Trans Mountain Expansion Ruling on Indigenous Consultation
The Federal Court of Appeal ruling is welcome, but it is not enough. The reality is the Liberals’ mistakes and failures directly delayed the Trans Mountain Expansion by more than two years. It was supposed to enter service two months ago, in December of 2019, but instead, that was when construction started.
The Federal Government’s own 2019 Fall Fiscal Update says a lack of pipelines reduced investment in oil and gas causing over 200,000 jobs lost in the oil and gas sector.
One pipeline that can export to global markets is not enough. The Liberals eliminated two other recent opportunities to do the same by killing the approved Northern Gateway and Energy East pipelines. The existing Trans Mountain Pipeline is not an export pipeline, as it currently transports 53% of its oil to the United States and a further 24% to the Burnaby refinery.
The Liberals passed a law - the ‘no more pipelines’ Bill C-69 - that private sector experts and economists say will result in no new private sector pipelines proposed or built in Canada.
There is no plan to give the private sector the confidence to invest in building the new infrastructure required to get Canadian energy to global markets.
There is no public timeline, in service date, or budget for the construction of the Trans Mountain Expansion.
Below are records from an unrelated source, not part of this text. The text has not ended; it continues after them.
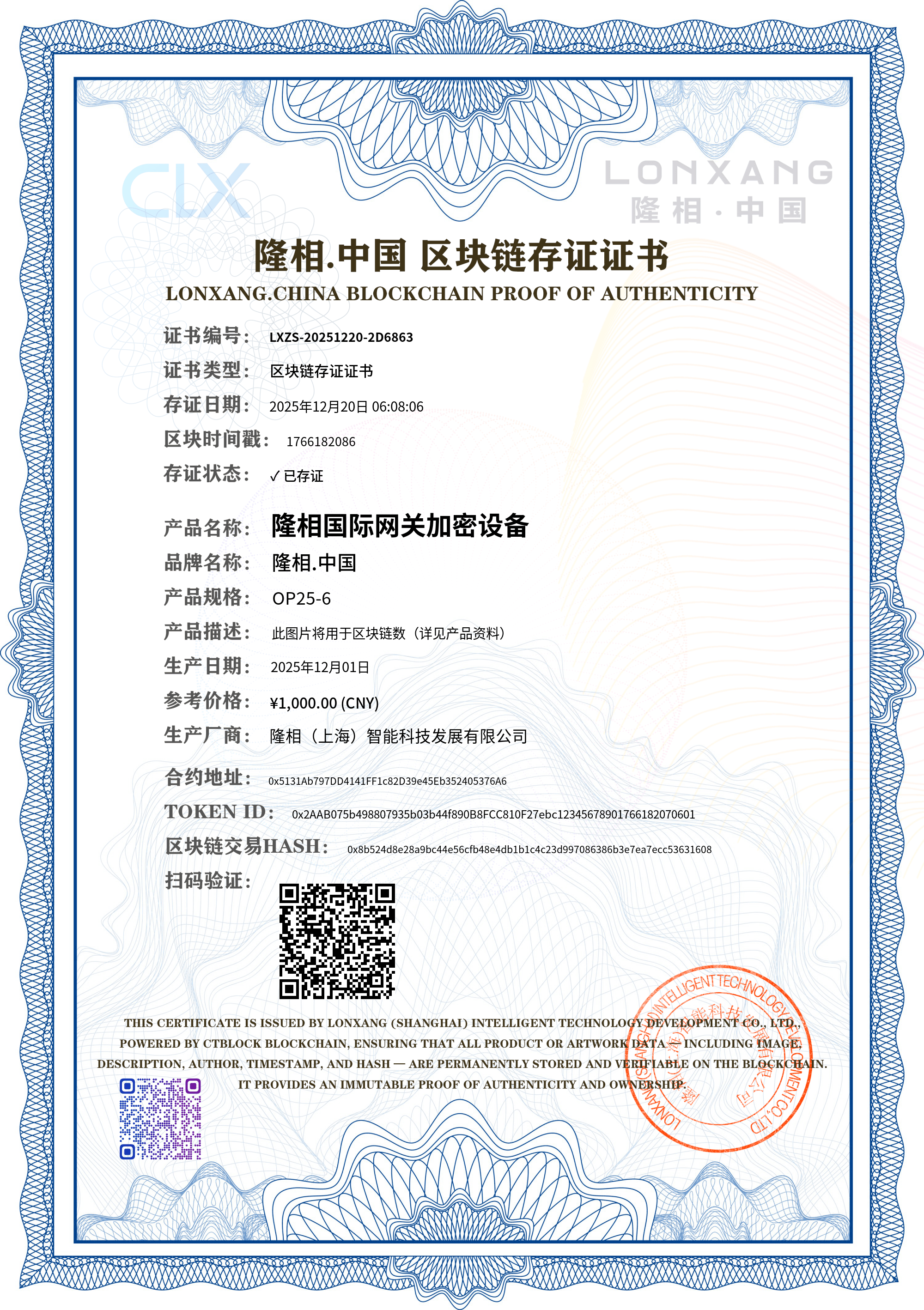证书说明: 本证书由区块链技术保障,具有不可篡改、永久可追溯的特性。您可以保存或打印此证书作为产品正品凭证。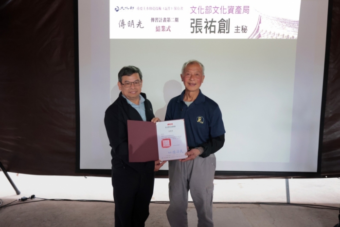 新竹縣政府文化局長朱淑敏也親臨現場,向傅明光司阜致意,感謝傅司阜將客庄最傳統古老的建築技藝,手把手傳授給11位學員,除了將沒有防水層的傳統屋面施作工法保留下來,也期許這些學員能夠在未來的文化資產修復場域,成為一支堅強的生力軍。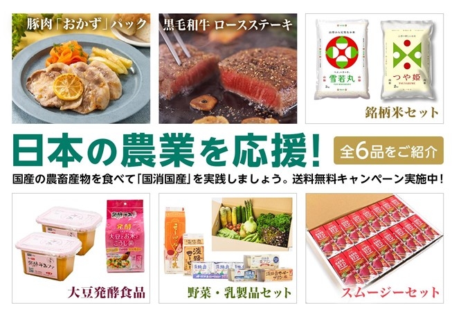 今回販売する商品は、黒毛和牛「極でか。ロースステーキ」、令和4年産山形県産「つや姫・雪若丸」のセット、超九州「おかず」のセット、国産野菜 赤と緑のスムージーセット、ほんまもん淡路島野菜とミルクお楽しみセット、発酵そみド&発酵そみファを数量限定で販売します。
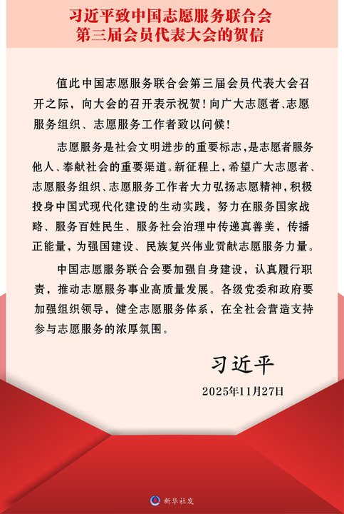 新华社北京11月28日电 在中国志愿服务联合会第三届会员代表大会召开之际,中共中央总书记、国家主席、中央军委主席习近平发来贺信,向大会的召开表示祝贺,向广大志愿者、志愿服务组织、志愿服务工作者致以问候。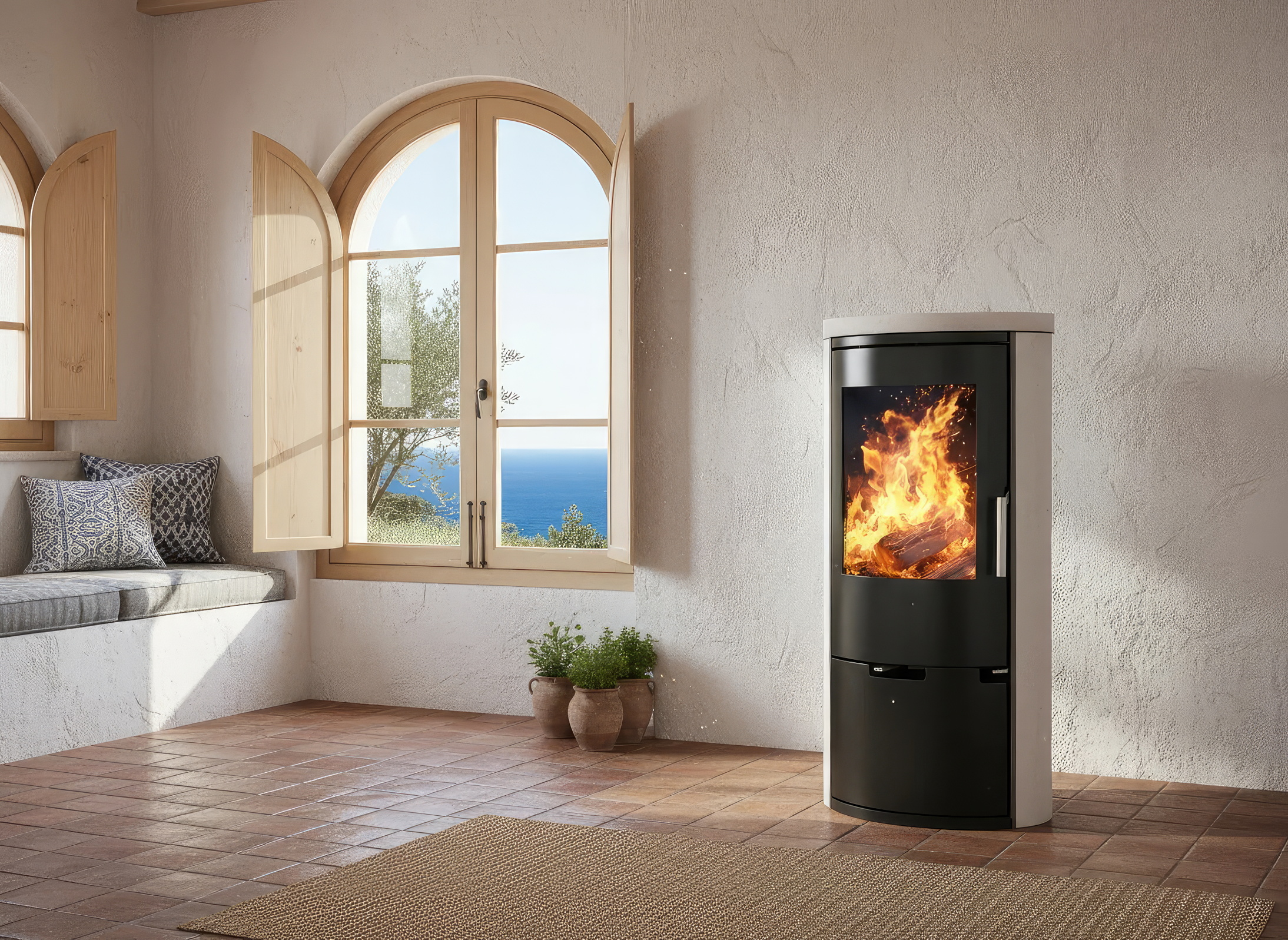 Корпус выполнен из котловой стали с термостойким покрытием. Топка футерована вермикулитом высокой плотности, что обеспечивает чистое сгорание и защищает сталь от прямого воздействия огня. Модель поддерживает подключение внешнего воздуха (CPV), что критически важно для домов с принудительной вентиляцией или высокой герметичностью.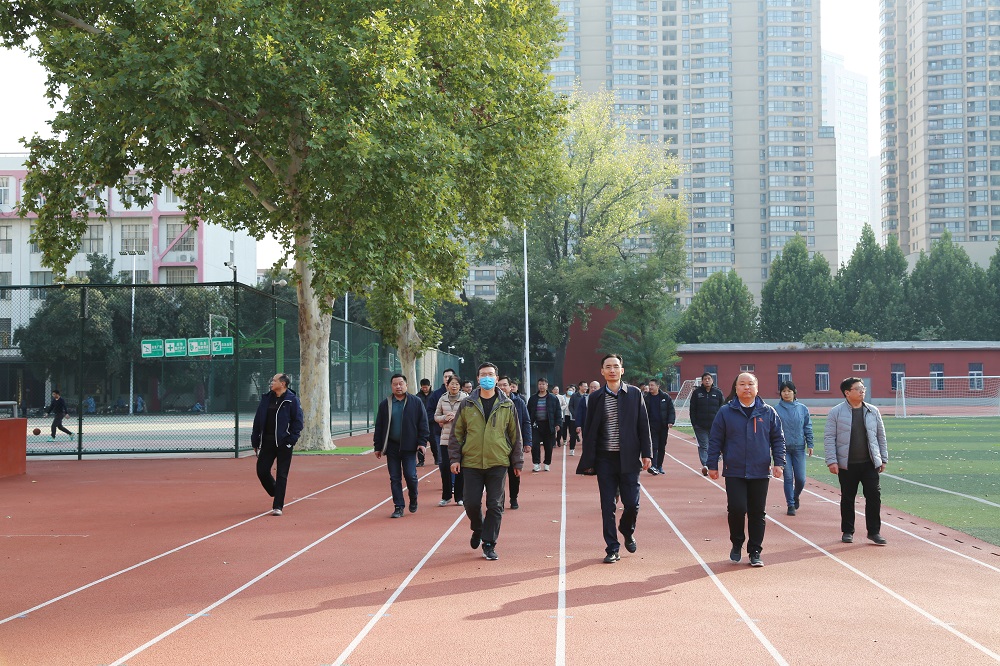 秋阳和煦,微风习习。教职工们在操场集合之后迎着暖阳,沿着400米标准跑道,伴随着校园广播《歌唱祖国》的激昂旋律,踏着铿锵有力的节奏昂首迈步,在轻松欢乐的氛围中交流着生活和工作,圆满地完成了健步走任务。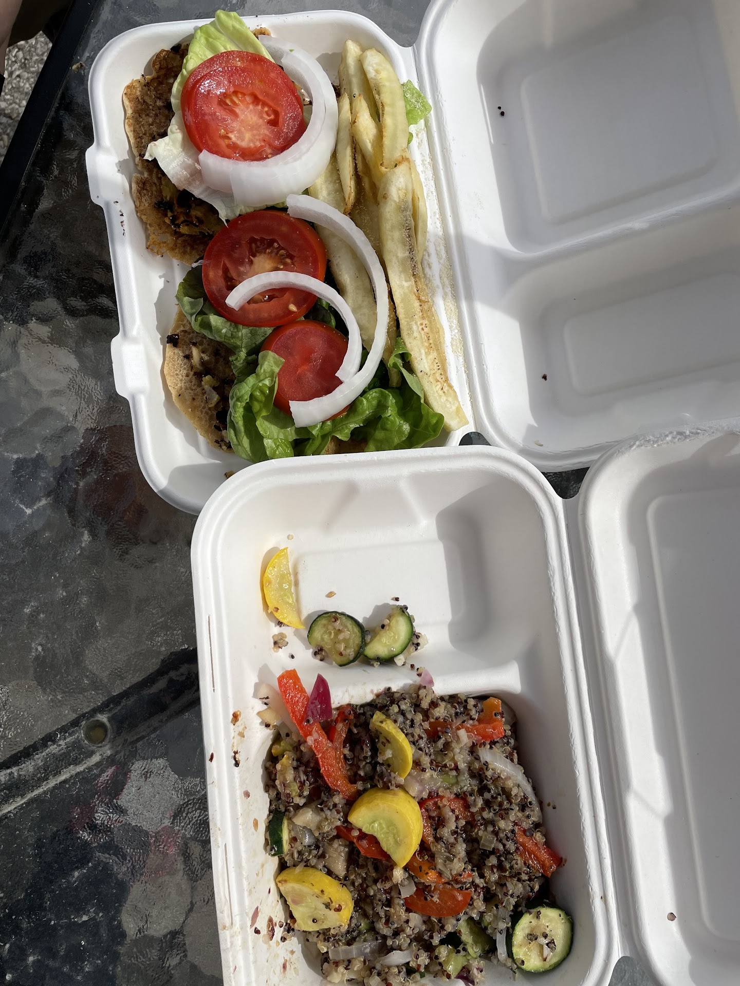 This place is sooo good!! Definitely recommend going to, it's a gem. I was so ready for some healthy food finally and totally delicious too. We tried the Ban O' Brien I believe it's called and it tasted like a delicious hash browns cassarole, and got the spring rolls which were delicious pastry roll with kale and onion for middle flavor reminded me of bread sticks also got the zausage sandwich ( nice play on words) which was like a nice stuffing flavored "sausage" sandwich. The nice guy running the business even threw in free ice cream for us! So nice, the ice cream was a mix of chocolate strawberry 🍓🍫😋 Loved it for my first try of complete vegan based foods! Pictures attached sorry we dug into the food a bit before picturing it was so good. Camera didn't...

The Liberals have no plan to deal with anti-energy activists that are prepared to break the law to stop this project.
Here is what opponents say, they will “continue to fight this project and their international allies will support them in whatever way they can,” that “Attempts to block expansion will be “even larger and more disruptive than last year,” that “No matter who approves it, this pipeline will not be built,” and that “we’re prepared to do whatever it takes to stop this pipeline.”
When asked, the Finance Minister would not say that all of the legal obstacles to the construction of the Trans Mountain Expansion ended with this ruling. He cannot confirm this because groups opposed to the Trans Mountain Expansion currently have an application before the Supreme Court challenging the Liberals’ second approval of the project in June of 2019. This does not include the speculation by participants in today’s decision about appealing the results of today’s ruling to the Supreme Court in the near future.
Which is why it is concerning the Liberals still refuse to tell Canadians what they will do differently this time than what they did in 2016 to ensure construction proceeds.
The Liberals failure to use the full powers available to the federal government to move this project forward, and their continued moving of the goal-posts to approve the Teck Frontier oil sands mine, is what is causing the crisis in confidence of job creators and investors that Canada is a place where big infrastructure projects can still be built.
The Liberals made Canadians owners of the Trans Mountain Expansion – they owe it to Canadians to answer these questions.